Perlite Concrete

Perlite Concrete

 

a variety of lightweight concrete in which the aggregate is made from expanded perlite or a similar volcanic rock, for example, obsidian or vitrophyre. The main binder for perlite concrete is cement, although such materials as lime, plaster, and synthetic resins are also used.

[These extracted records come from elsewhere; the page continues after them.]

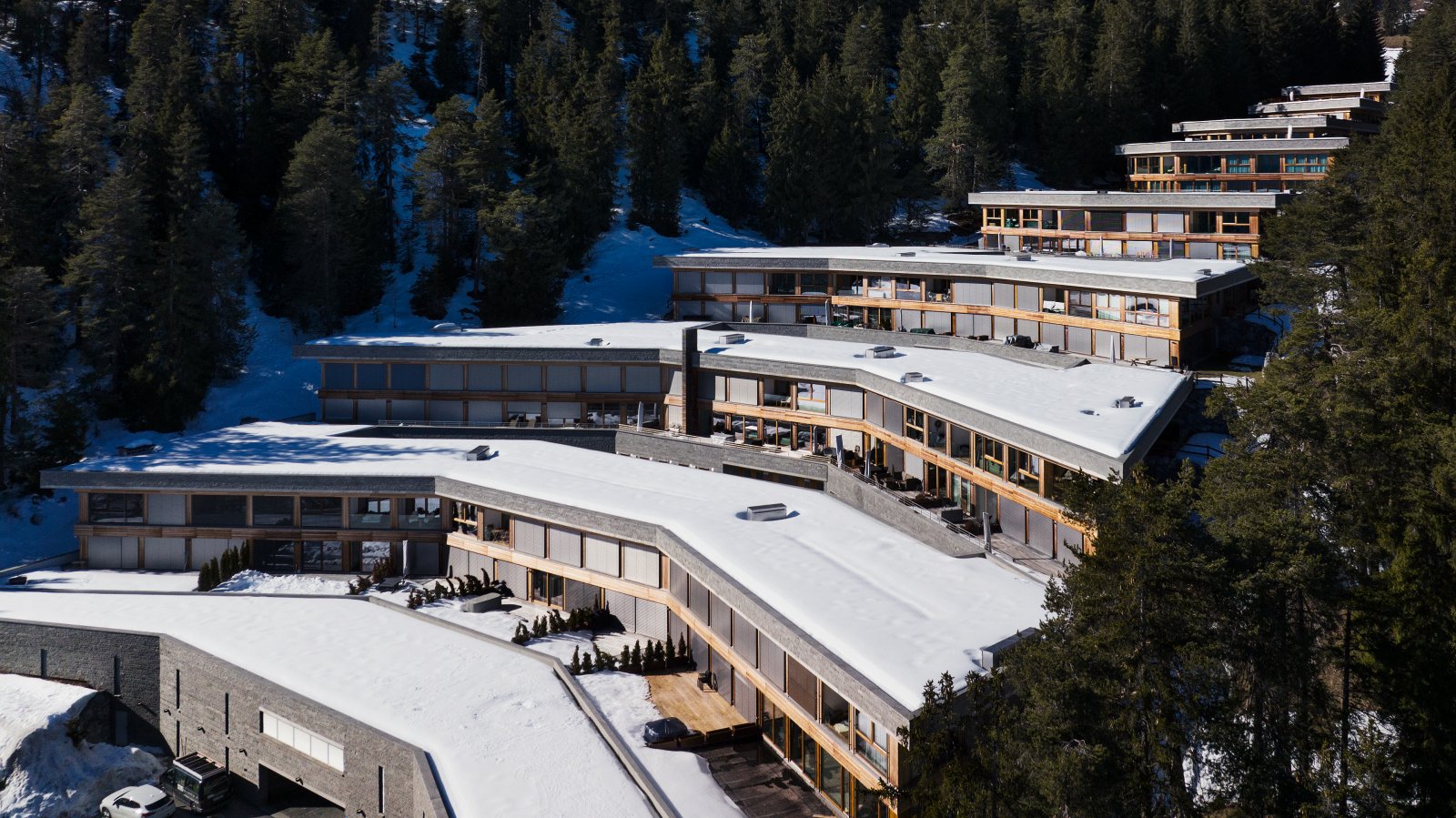 La magnifique résidence de vacances «Cuolm Liung», qui compte en tout 94 appartements et 15 étages que l’on atteint notamment avec un ascenseur incliné, trône sur les hauteurs de Laax-Murschetg. Aménagé en terrasses et niché dans le paysage, l’édifice bénéficie d’une exposition plein sud et séduit par sa vue incomparable et des appartements parfaitement ensoleillés. L’architecture élégante reflète les qualités naturelles environnantes par le biais de matériaux haut de gamme comme la pierre naturelle et le bois de mélèze.
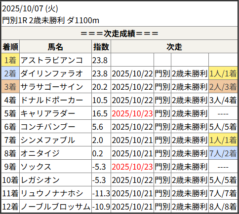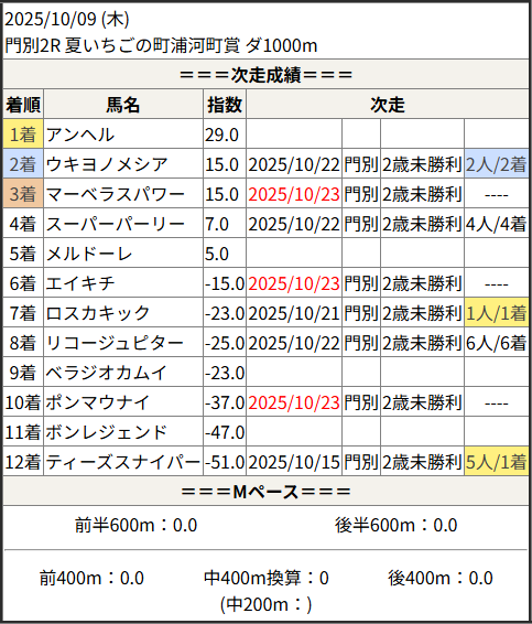 2025/10/23 門別1R 2歳未勝利:結果
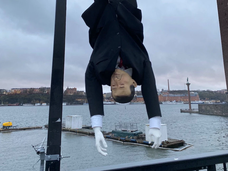 وبحسب الوكالة، فإن بعض أنصار "حزب العمال الكردستاني" تجمعوا، الخميس، أمام مبنى بلدية ستوكهولم، ثم شنقوا دمية تصور الرئيس أردوغان على عامود قرب المبنى.
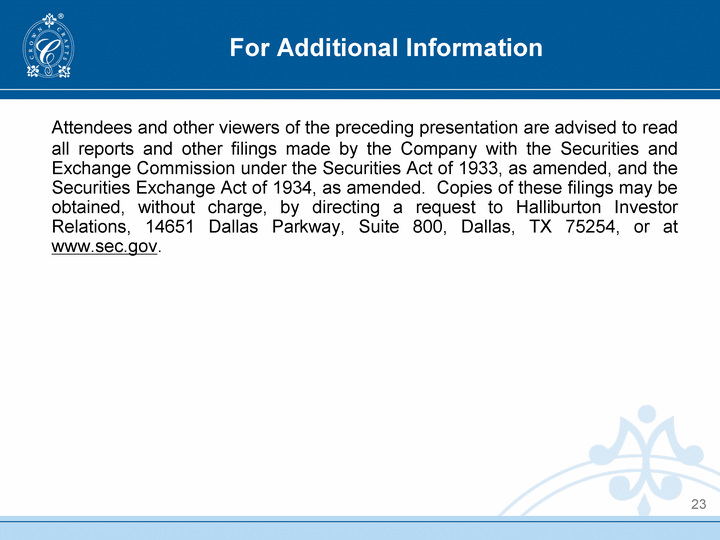 | 23 Attendees and other viewers of the preceding presentation are advised to read all reports and other filings made by the Company with the Securities and Exchange Commission under the Securities Act of 1933, as amended, and the Securities Exchange Act of 1934, as amended. Copies of these filings may be obtained, without charge, by directing a request to Halliburton Investor Relations, 14651 Dallas Parkway, Suite 800, Dallas, TX 75254, or at www.sec.gov. For Additional Information |
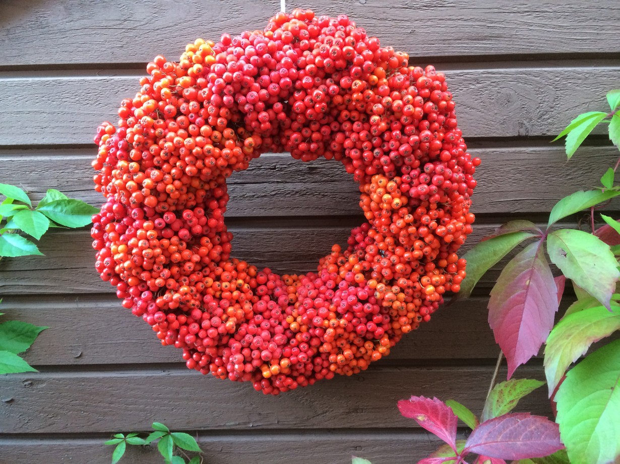 Valmiin pihlajanmarjakranssin halkaisija on 38 cm.
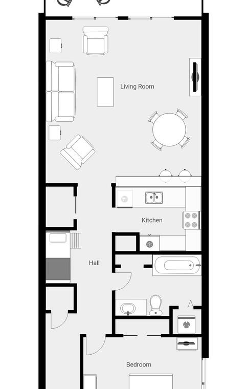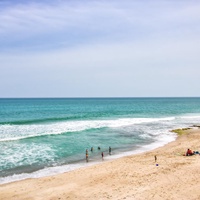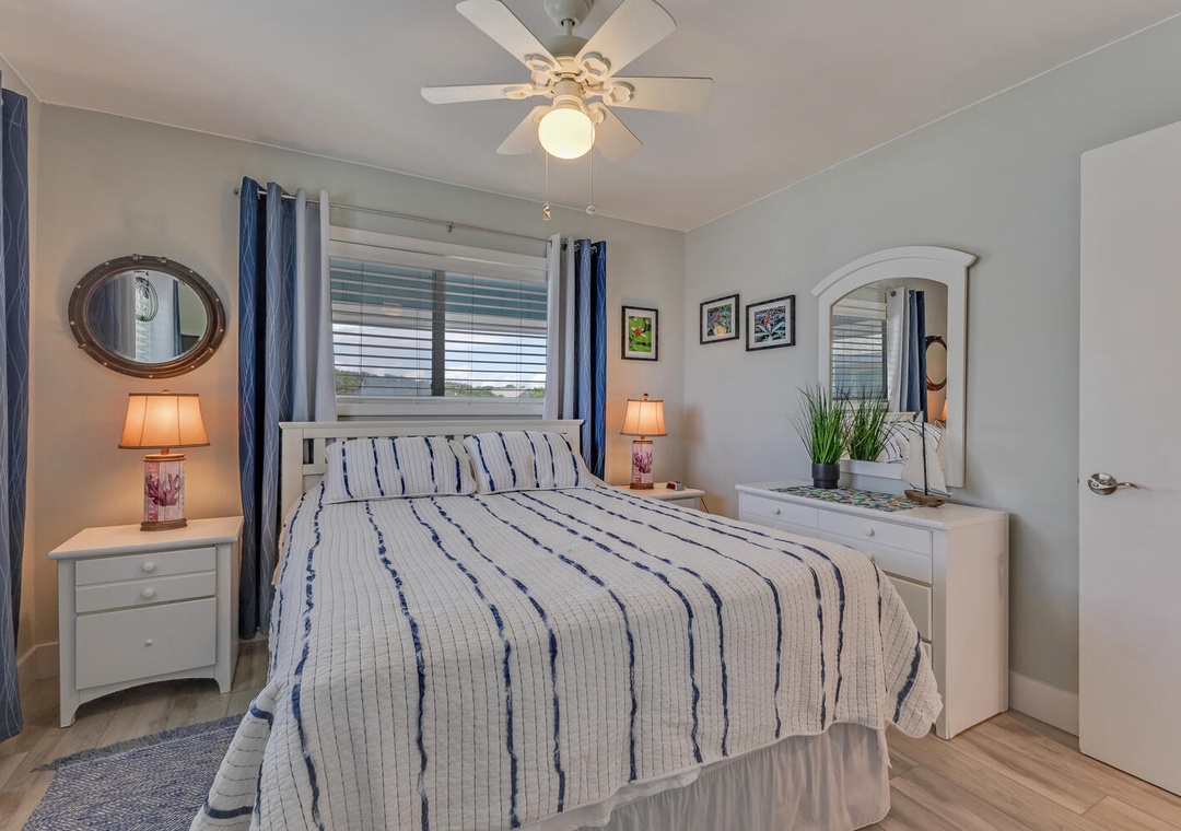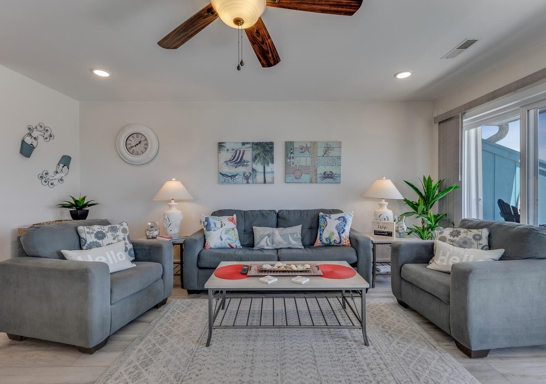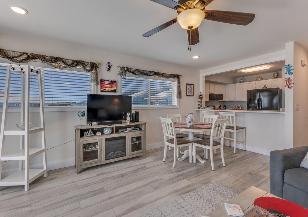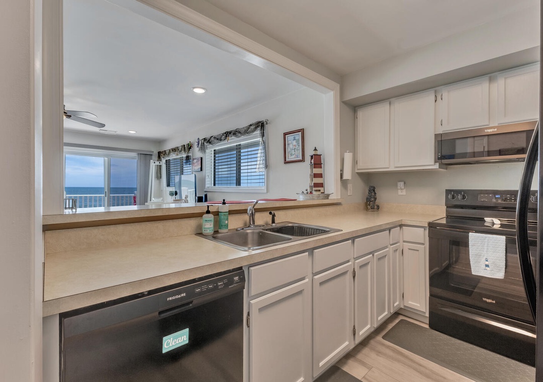 The main living area is open and airy, with a sleeper sofa to accommodate guests. With large windows that let in natural light and provide unobstructed views of the ocean. A sliding glass door leads to a private balcony, ideal for taking in the coastal scenery. The kitchen is fully equipped with modern appliances and ample cabinet space. A combined dining and living area offer comfortable seating and a casual space to relax.

Perlite concrete that is used for thermal insulation has a density of 500 kg/m3 and a coefficient of thermal conductivity that ranges from 0.07 to 0.13 watts per meter-degree K (W/m•°K). Structural perlite concrete, which also has thermal-insulating properties, has a density that ranges from 600 to 1,000 kg/ m3, a strength that ranges from 3.5 to 10 meganewtons per square meter, and a coefficient of thermal conductivity that ranges from 0.15 to 0.33 W/m•°K; the structural variety of perlite concrete is used mainly for producing prefabricated enclosing members in buildings. Combined aggregates, for example, perlite with keramzit (seeKERAMZIT), are efficiently used in structural perlite concrete. The lightest perlite concretes, for example, the Soviet-made perlitoplastbeton, contain synthetic resins.

REFERENCE

Strizhevskii, M. V., N. V. Morozov, and M. T. Sedakova. Perlity i perlitobetony v industrial’nom stroitel’stve. Irkutsk, 1963.